IF Comp ’11 – Pam Comfite’s Playing Games!

October 19, 2011

I have not even the remotest idea what this game is about.  This is always an exciting time, filled with potential, but it makes it difficult to RSS-buff.  I should get a cat.  Or have a kid.  No one’s fingers would blister from the blazing speed with which they dialed social services if I had a kid, I’m sure.  I had a houseplant when I lived at the Asymmetric office, a schefflera, but it was sort of unhealthy-looking when I left, and had these furry white cocoons or some shit on its leaves, and I didn’t want furry white God-knows-whats hatching in my new apartment, but I didn’t want to just throw a living thing into the garbage, so I hid it behind a hedge in the front yard and sprinted for it.  I am not sure if me simply not knowing whether it’s alive or dead means it’s in a quantum state or if I actually have to set up a poison vial and a decaying atom, but yeah, I probably shouldn’t have kids, is my point.

What’s your point?

[spoilers begin here]

You were pleasantly surprised to find that it was just rum, but then you noticed a very earthy aftertaste, and everything started to fade. You felt yourself slump to the floor. You heard the others laughing, and just before everything faded completely away, one of them said in a deep voice, “Let the games begin.”
Awshit.  I suppose I should have expected this sort of thing to happen if I hung around with whist players.
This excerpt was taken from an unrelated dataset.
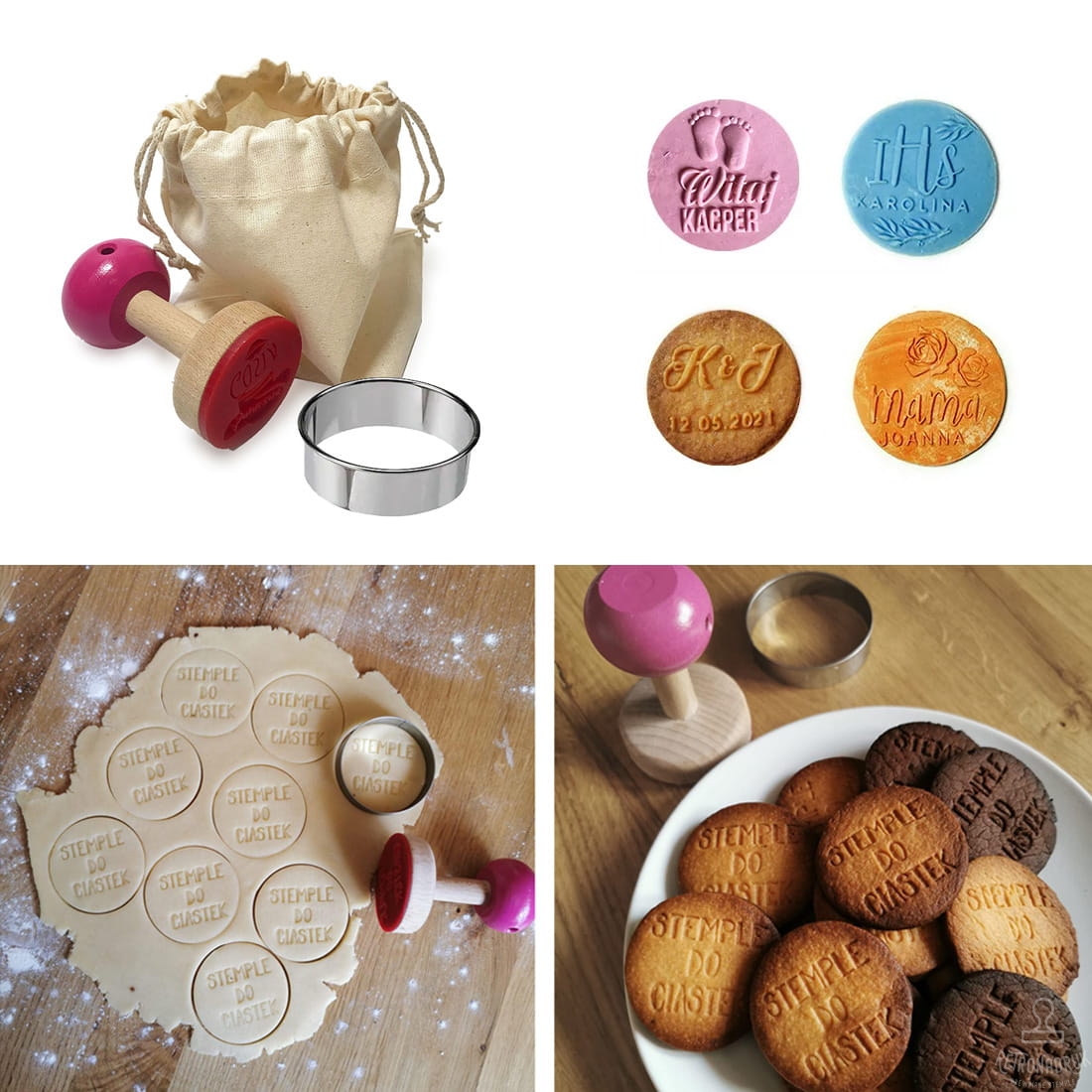 Stempel do ciastek z wybranym wzorem wielkanocnym. Stempel z drewnianą rączką wykonaną z drewna bukowego oraz przymocowaną do niej płytką stemplującą ze wzorem odbicia, wykonaną z materiału posiadającego atest do kontaktu z żywnością(posiada certyfikaty FDA, BfR oraz PZH), co zapewnia bezpieczeństwo i jakość. Stempel może służyć m.in. do tworzenia wyjątkowych wielkanocnych ciasteczek.

I always get nervous when a game presents me with a clock, because I associate them with time limits.

The dark man stops poking around the ground for a moment and says, “Ah, that looks just like my pocketwatch, except I lost mine at noon.” He goes back to poking around the ground.
I’ve had conversations with customers that went along these lines.  My favorite was the guy who yelled at me for giving him twelve quarters in change for three dollars because he wanted a manual car wash, and those only cost $2.50.  Which, as even the dumbest dumb who ever dumbed could figure out, is only ten quarters.  (Eventually I shut up and kept his two quarters, and he left satisfied with the transaction but disgusted by my math skills.)
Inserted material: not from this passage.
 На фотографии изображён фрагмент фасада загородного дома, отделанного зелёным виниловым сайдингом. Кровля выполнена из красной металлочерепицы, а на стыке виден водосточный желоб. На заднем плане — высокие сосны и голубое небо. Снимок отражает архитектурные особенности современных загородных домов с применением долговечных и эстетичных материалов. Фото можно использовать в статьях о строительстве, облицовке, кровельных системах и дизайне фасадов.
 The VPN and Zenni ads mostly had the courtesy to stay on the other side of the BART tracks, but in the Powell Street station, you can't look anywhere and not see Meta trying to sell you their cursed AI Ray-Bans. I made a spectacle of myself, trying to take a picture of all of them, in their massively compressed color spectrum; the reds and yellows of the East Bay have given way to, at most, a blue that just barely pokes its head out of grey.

So, okay, if I don’t specify PUSH STEM to open the pocketwatch, I wind up clawing ineffectually at the case, but SET WATCH TO NOON works?  That seems incongruous.
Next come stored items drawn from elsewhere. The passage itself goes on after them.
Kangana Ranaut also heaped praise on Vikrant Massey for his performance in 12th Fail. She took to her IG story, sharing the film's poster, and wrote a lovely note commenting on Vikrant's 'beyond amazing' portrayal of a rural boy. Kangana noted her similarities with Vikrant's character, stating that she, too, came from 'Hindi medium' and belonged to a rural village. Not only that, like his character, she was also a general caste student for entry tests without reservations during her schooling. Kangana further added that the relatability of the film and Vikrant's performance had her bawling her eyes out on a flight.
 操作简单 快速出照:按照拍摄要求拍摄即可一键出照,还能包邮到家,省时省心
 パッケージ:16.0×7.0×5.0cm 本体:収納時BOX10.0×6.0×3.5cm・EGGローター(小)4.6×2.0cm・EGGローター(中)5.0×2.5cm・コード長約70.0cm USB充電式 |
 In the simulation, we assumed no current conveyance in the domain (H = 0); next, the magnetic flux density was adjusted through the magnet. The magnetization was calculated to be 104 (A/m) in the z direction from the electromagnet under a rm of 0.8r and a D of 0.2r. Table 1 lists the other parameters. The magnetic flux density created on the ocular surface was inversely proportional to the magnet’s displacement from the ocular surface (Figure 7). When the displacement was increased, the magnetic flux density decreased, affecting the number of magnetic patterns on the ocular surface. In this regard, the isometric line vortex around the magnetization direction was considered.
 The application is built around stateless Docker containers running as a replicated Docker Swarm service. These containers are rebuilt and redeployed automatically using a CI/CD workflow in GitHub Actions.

Y’know, as a premise for a collection of puzzles, this one is pretty intriguing as they go.  Hope the payoff is good.

This is interesting; I’m not sure I’ve seen a puzzle like these with the board, the slot, and the malachite stones.  Essentially you’re just moving the stone around trying to find the single invisible path to its goal, so I’m not sure how much of a puzzle it is.  S’kinda fun, though.  I’ll take it.

*** You sometimes dream of a hat, but you can never describe it upon waking ***
Story of my life.

Was that it?  Should I try following the man through the bushes?  Oh, guess I can’t.  Man, that was short.  I enjoyed it while it was happening, though, even if these game-club dudes are a very strange and particular variety of asshole.

Edit from the future:  Oh!  These puzzles the likes of which I have never seen before are mazes!  Man, score a couple points for the concept of framing devices.